Mais de dois terços do financiamento vão directamente para as equipas do IPG. Três projectos na área da saúde reúnem apoios europeus do Compete 2030, com destaque para um ‘penso inteligente’, bebidas de frutos vermelhos e o estudo de biomarcadores da cognição em idosos.
O Instituto Politécnico da Guarda (IPG) vai receber a maior fatia de um financiamento total de 750 mil euros atribuído pela Fundação para a Ciência e Tecnologia (FCT) a três projectos de investigação em saúde, nos quais o IPG assume o papel de principal beneficiário. Estão em causa estudos sobre a prevenção do declínio cognitivo em idosos, o potencial antioxidante de bebidas naturais à base de frutos vermelhos e o desenvolvimento de um penso inteligente para tratamento de feridas crónicas.
Os apoios agora aprovados destinam-se em 448 mil euros às equipas científicas que conduzem directamente estes projectos. No conjunto dos três consórcios, o IPG absorve 70% dos 637 mil euros provenientes dos fundos europeus Compete 2030, de acordo com nota enviada pela instituição.
Para o presidente do Politécnico da Guarda, Joaquim Brigas, trata-se de um reforço considerável nas verbas destinadas à investigação. “Estes apoios da FCT acrescentam cerca de meio milhão de euros às linhas de investigação que o Politécnico da Guarda já está a levar a cabo”, afirmou o dirigente, referindo-se aos quatro centros de investigação em que a instituição participa e que foram classificados com “Muito Bom” pela FCT, incluindo um criado de raiz na Guarda apenas com investigadores próprios. No seu conjunto, estes centros garantiram um financiamento global superior a 2,5 milhões de euros.
No domínio do envelhecimento, o projecto Idosos Beira Interior – Guarda: biomarcadores imunológicos da cognição, coordenado por Elsa Cardoso e desenvolvido em parceria com a Universidade da Beira Interior (UBI), propõe-se identificar novos marcadores imunológicos associados ao declínio cognitivo em pessoas com mais de 65 anos. O estudo recebeu 212.387 euros, dos quais 191.127 euros atribuídos ao IPG e 21.260 euros à UBI. O objectivo, segundo a investigadora responsável, “é a detecção de novos marcadores imunológicos do declínio cognitivo associado ao envelhecimento”.
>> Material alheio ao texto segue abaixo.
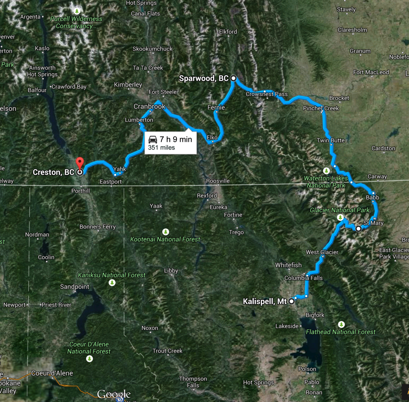 When I reached the highway it was about 3pm and I didn’t reach Cranbrook until about 7. Crossing the Crowsnest Pass (only 4455 feet) represented the third time in about 24 hours that I’ve crossed through the Rocky Mountains and over the Continental Divide. After reaching Cranbrook I was back in the Rocky Mountain Trench, and now would be ducking south of the Purcells to head into the Kootenays.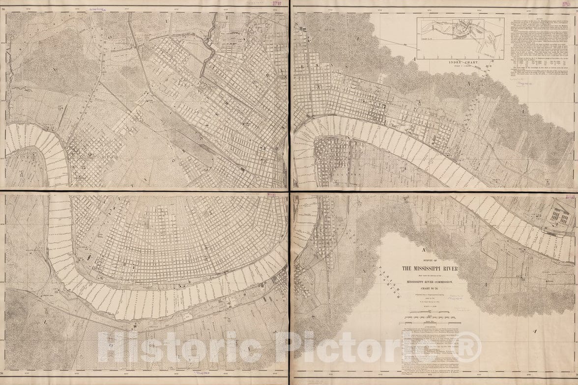 • .Historical Map, 1895 A Survey of The Mississippi River, Vintage Wall Art

Também em colaboração com a UBI, o projecto Red4Cardio – Formulações naturais seguras, saudáveis e sustentáveis à base de frutos vermelhos para a prevenção de doenças cardiovasculares, coordenado por Luís Silva, pretende desenvolver bebidas naturais com potencial antioxidante. O financiamento totalizou 212.387 euros, cabendo 128.666 euros ao IPG e 83.721 euros à UBI. Os ensaios previstos incluem testes in vitro, in vivo e clínicos para avaliar os efeitos das formulações.
O terceiro projecto, MuSSHeal – Penso multirresponsivo para o controlo e tratamento de feridas crónicas, decorre em parceria com a Universidade do Minho. Liderado por Sónia Miguel, o estudo está focado na criação de um penso inteligente com materiais electroactivos que permitam monitorizar e estimular a cicatrização de feridas, com uma abordagem que alia inovação, economia e sustentabilidade ambiental. Este trabalho conta com 212.167 euros de apoio, sendo 128.152 euros para o IPG e 84.015 euros para a Universidade do Minho.
“O Politécnico da Guarda continua a somar projectos de I&D aprovados no âmbito da política científica que implementou nos últimos anos, quer nos projectos europeus que integra ou lidera, quer nas candidaturas à Fundação para a Ciência e Tecnologia”, sublinhou Joaquim Brigas.